Paul Urbach and Wim Coene to lead major new public-private research programme on lensless imaging

News - 21 November 2017 - Communication

A major new research programme will shortly be launched within the context of the Netherlands Organisation for Scientific Research (NWO) funding instrument 'Perspective for the Top Sectors'. Professors Paul Urbach and Wim Coene are to play a leading role in this project on lensless imaging.

The visualization of very small 3D objects and other nanostructures is essential for various industries. A good example is the 3D imaging of structures on integrated circuits (microchips). In the future, microchips will be made using lithography with extremely ultraviolet light, called EUV-lithography. The extremely small structures resulting from this technique can be viewed using various imaging techniques. Unfortunately, all of these techniques are limited in one way or another. For example, the resolution is not high enough, or the depth of penetration (to what depth structures can be imaged) is too limited.

X-ray radiation
SXR (Soft-X-rays) is a technique that uses soft X-ray radiation that provides both good penetration depth and high resolution. However, SXR is not ideal either, since there are no optical components, such as lenses. Lensless imaging, a form of microscopy in which the imaging optics are replaced by computer algorithms, can solve this problem. The technology is gaining interest worldwide.

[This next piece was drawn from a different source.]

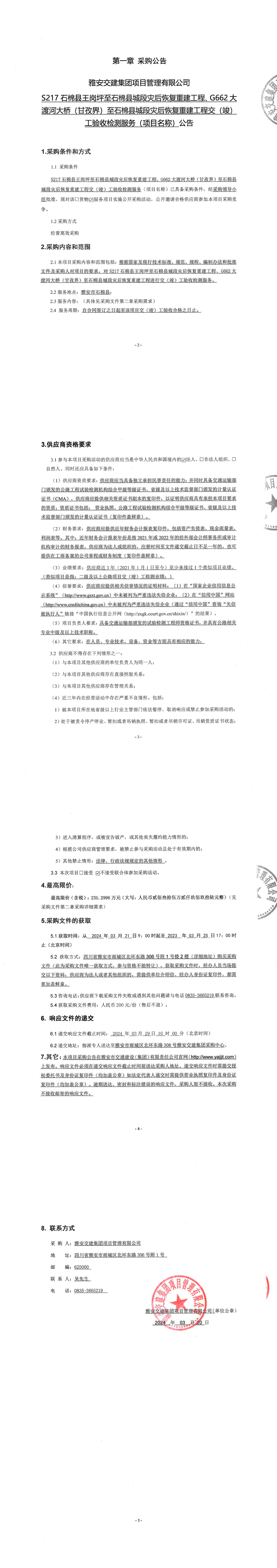 雅安交建集團項目管理有限公司S217石棉縣王崗坪至石棉縣城段災(zāi)后恢復(fù)重建工程、G662大渡河大橋(甘孜界)至石棉縣城段災(zāi)后恢復(fù)重建工程交(竣)工驗收檢測服務(wù)(項目名稱)公告

The aim of this research programme is to combine the strengths of various Dutch expert groups in order to develop a coherent SXR source in Delft, and thus to further develop lensless imaging technology with SXR within the Netherlands. The intention is to make the SXR imaging facility that will be realised within this program a part of the shared facilities of the Dutch Optics Centre (DOC).

Perspective
Each year, the NWO domain Applied Sciences and Technology (TTW) makes available a research budget that develops and finances new, challenging research programmes within the application-oriented and technical sciences. In this round, NWO will make 21 million euros available for programmes within the nine so-called  'Top Sectors' of The Netherlands. The programmes are also funded by companies, social organisations and the knowledge institutions involved. With a total budget of 32 million euros, 74 PhD students and 25 postgraduates will be able to start working in the next five to six years.